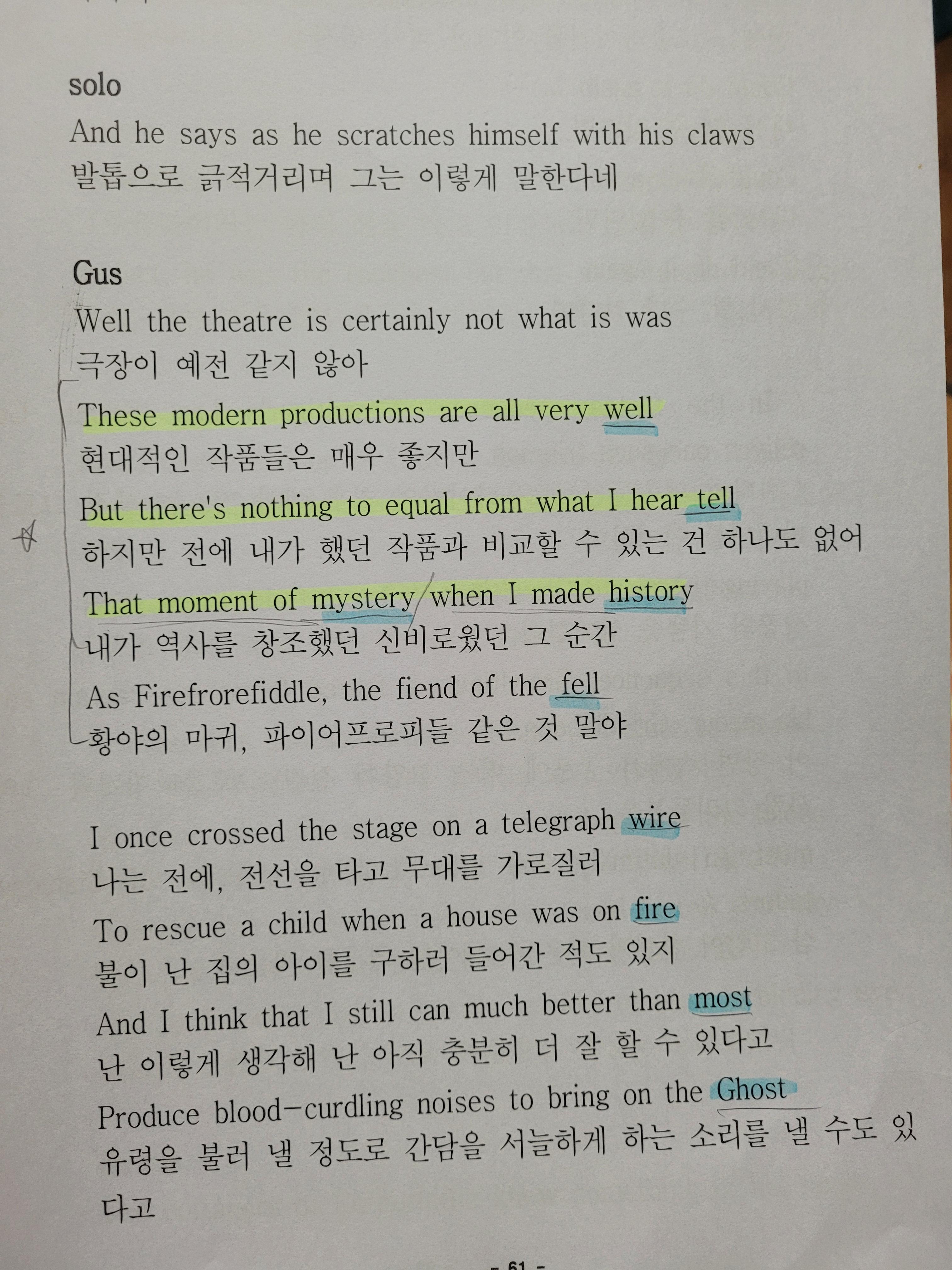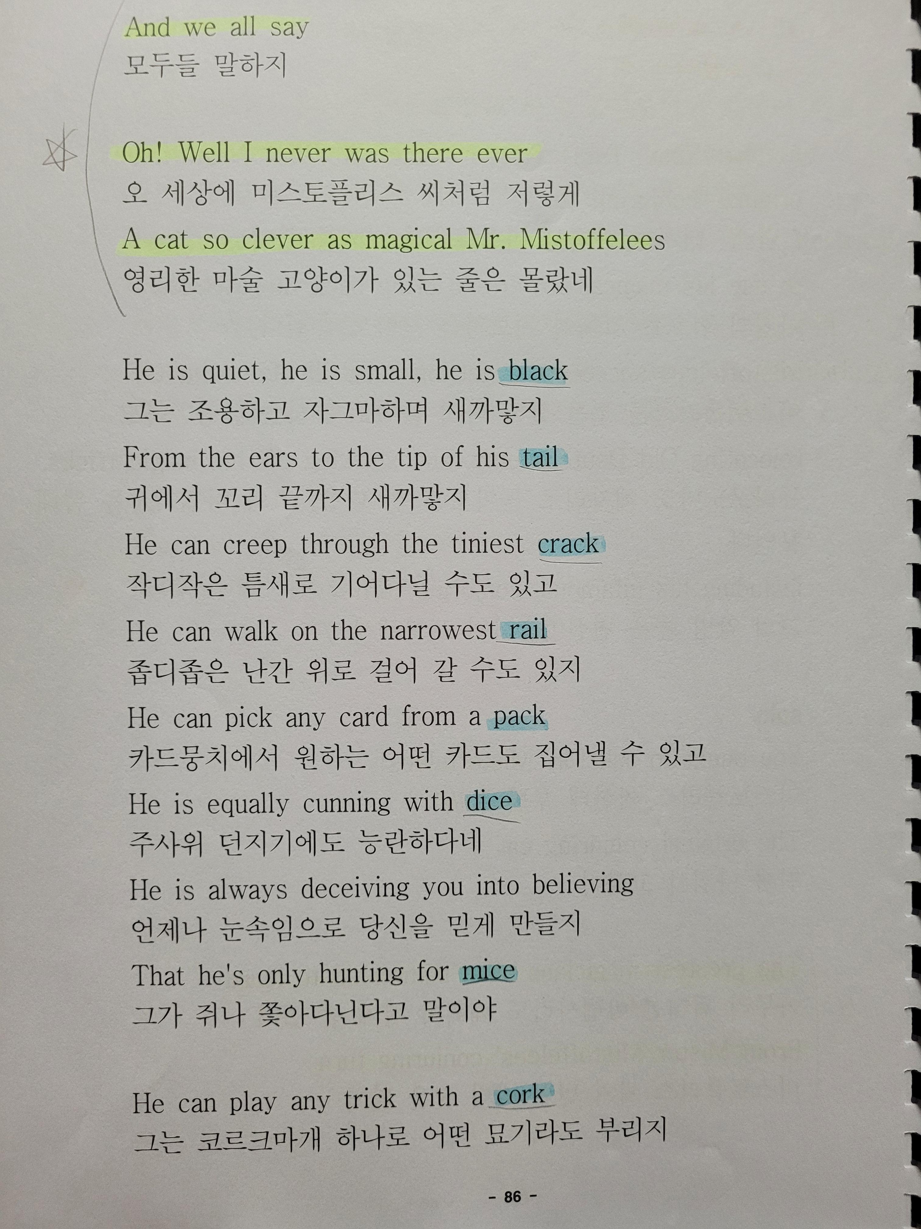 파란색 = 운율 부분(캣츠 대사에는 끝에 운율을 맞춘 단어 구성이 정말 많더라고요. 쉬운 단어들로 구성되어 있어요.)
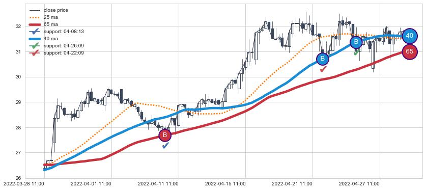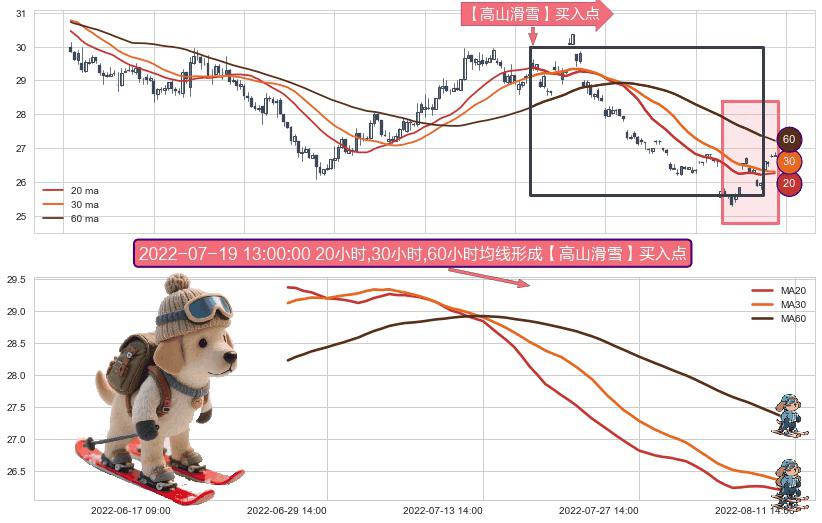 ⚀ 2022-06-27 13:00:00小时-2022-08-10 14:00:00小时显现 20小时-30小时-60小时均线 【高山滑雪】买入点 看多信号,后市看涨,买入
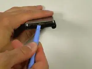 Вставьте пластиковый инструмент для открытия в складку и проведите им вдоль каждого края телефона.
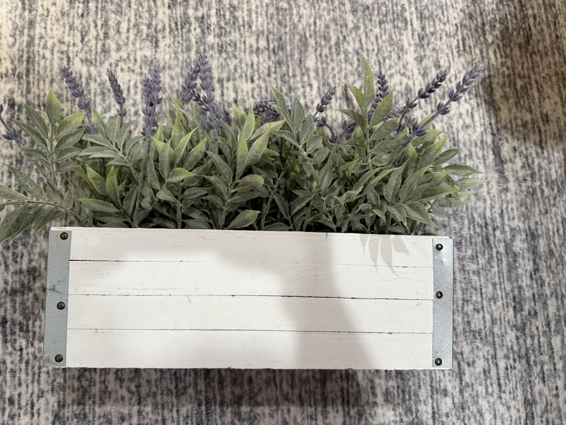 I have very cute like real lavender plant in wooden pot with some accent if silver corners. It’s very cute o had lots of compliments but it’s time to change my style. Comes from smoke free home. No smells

**ACTION ITEM:** Would you transcribe, exactly and only, the lines from the one that contains "Вставьте пластиковый инструмент" through the last line of the data above, without any pictures?

**ANSWER AREA:**
 Вставьте пластиковый инструмент для открытия в складку и проведите им вдоль каждого края телефона.
 I have very cute like real lavender plant in wooden pot with some accent if silver corners. It’s very cute o had lots of compliments but it’s time to change my style. Comes from smoke free home. No smells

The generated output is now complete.